Start of PROVIDED DATA
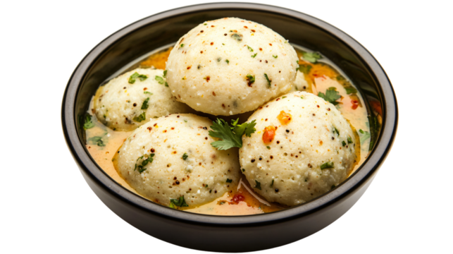 Ghee roast Dosa and Idlii with Chutney, south indian main breakfast isolated on transparent background
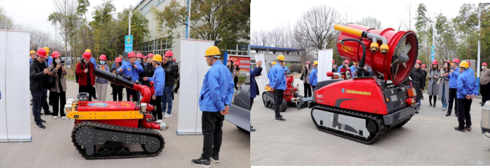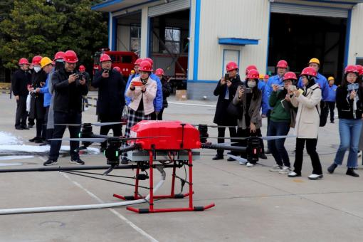 启动仪式后,协会领导、政府领导及各行业媒体记者一行至海伦哲公司宝莲寺路厂区和螺山路厂区,参观了公司展厅、厂区、车阵、 民品消防车生产线以及国产绝缘臂生产车间,公司专门展示了中华第一车—华灯检修车、大高度智能化复杂臂高空作业车、AMR(HAS40) 自动导引车、应急排水机器人、大功率发电车并机并网、防爆灭火侦 查机器人等多款代表公司技术先进水平、代表公司新质生产力的拳头 产品,并重磅推出演示了公司最新研制的高空系留无人机灭火消防车, 该车是公司研制开发的首台可携带 DN40 消防水带,喷射 A/B 类泡沫灭火剂扑救150 米(国内领先国际先进),高空建筑火灾产品,在厂区内做现场演示,将系留无人机升至 150 米高空进行持续喷射泡沫灭 火剂演示,将无人机悬停至厂房高度做泡沫液挂壁和出水演示,现场演示效果非常震撼,受到在场人员的一致赞叹与好评。该高空系留无 人机灭火消防车致力于攻克 100 米以上高空灭火这一世界难题;该车的载液量目前在国内外相似产品中处于领先地位,车辆配有发电装置为无人机提供动能,可长时间进行空中作业,车前端设置有飞控舱指挥,舱顶部和周边安装有防弹玻璃,确保飞手的飞控安全,灭火系统也是针对无人机灭火专门研制。
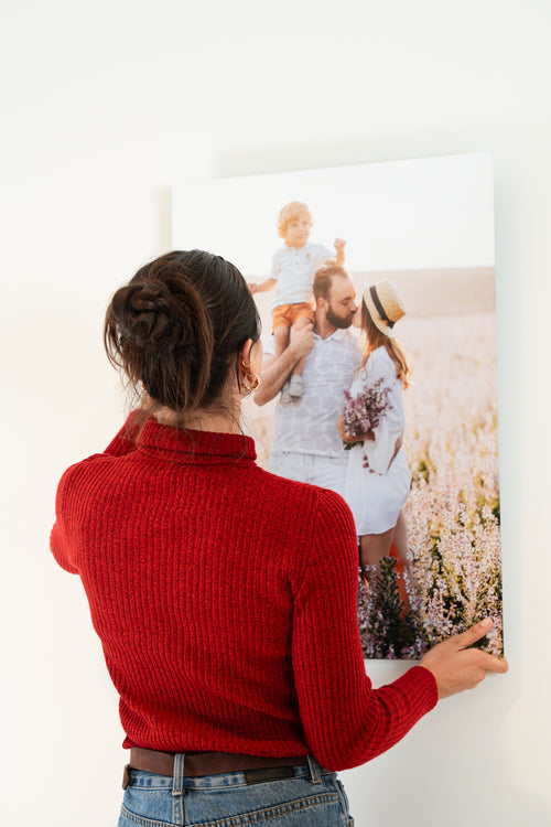 Our HD Metal Prints come with an easy-to-use magnetic hanging system—no drilling required! Simply stick the magnetic mount to your wall, and your print effortlessly snaps into place. It’s strong, secure, and repositionable.
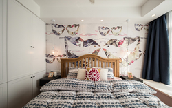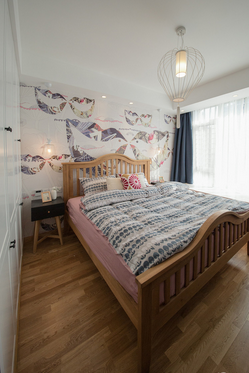 主卧抽象的壁画。很北欧风有木有!忍不住很激动啊,因为房子弄的太美貌了,快夸我!
End of PROVIDED DATA
## WHAT IS REQUIRED
With the pictures removed, copy the data above word for word.

## RESULT FOR THIS TASK
 Ghee roast Dosa and Idlii with Chutney, south indian main breakfast isolated on transparent background
 启动仪式后,协会领导、政府领导及各行业媒体记者一行至海伦哲公司宝莲寺路厂区和螺山路厂区,参观了公司展厅、厂区、车阵、 民品消防车生产线以及国产绝缘臂生产车间,公司专门展示了中华第一车—华灯检修车、大高度智能化复杂臂高空作业车、AMR(HAS40) 自动导引车、应急排水机器人、大功率发电车并机并网、防爆灭火侦 查机器人等多款代表公司技术先进水平、代表公司新质生产力的拳头 产品,并重磅推出演示了公司最新研制的高空系留无人机灭火消防车, 该车是公司研制开发的首台可携带 DN40 消防水带,喷射 A/B 类泡沫灭火剂扑救150 米(国内领先国际先进),高空建筑火灾产品,在厂区内做现场演示,将系留无人机升至 150 米高空进行持续喷射泡沫灭 火剂演示,将无人机悬停至厂房高度做泡沫液挂壁和出水演示,现场演示效果非常震撼,受到在场人员的一致赞叹与好评。该高空系留无 人机灭火消防车致力于攻克 100 米以上高空灭火这一世界难题;该车的载液量目前在国内外相似产品中处于领先地位,车辆配有发电装置为无人机提供动能,可长时间进行空中作业,车前端设置有飞控舱指挥,舱顶部和周边安装有防弹玻璃,确保飞手的飞控安全,灭火系统也是针对无人机灭火专门研制。
 Our HD Metal Prints come with an easy-to-use magnetic hanging system—no drilling required! Simply stick the magnetic mount to your wall, and your print effortlessly snaps into place. It’s strong, secure, and repositionable.
 主卧抽象的壁画。很北欧风有木有!忍不住很激动啊,因为房子弄的太美貌了,快夸我!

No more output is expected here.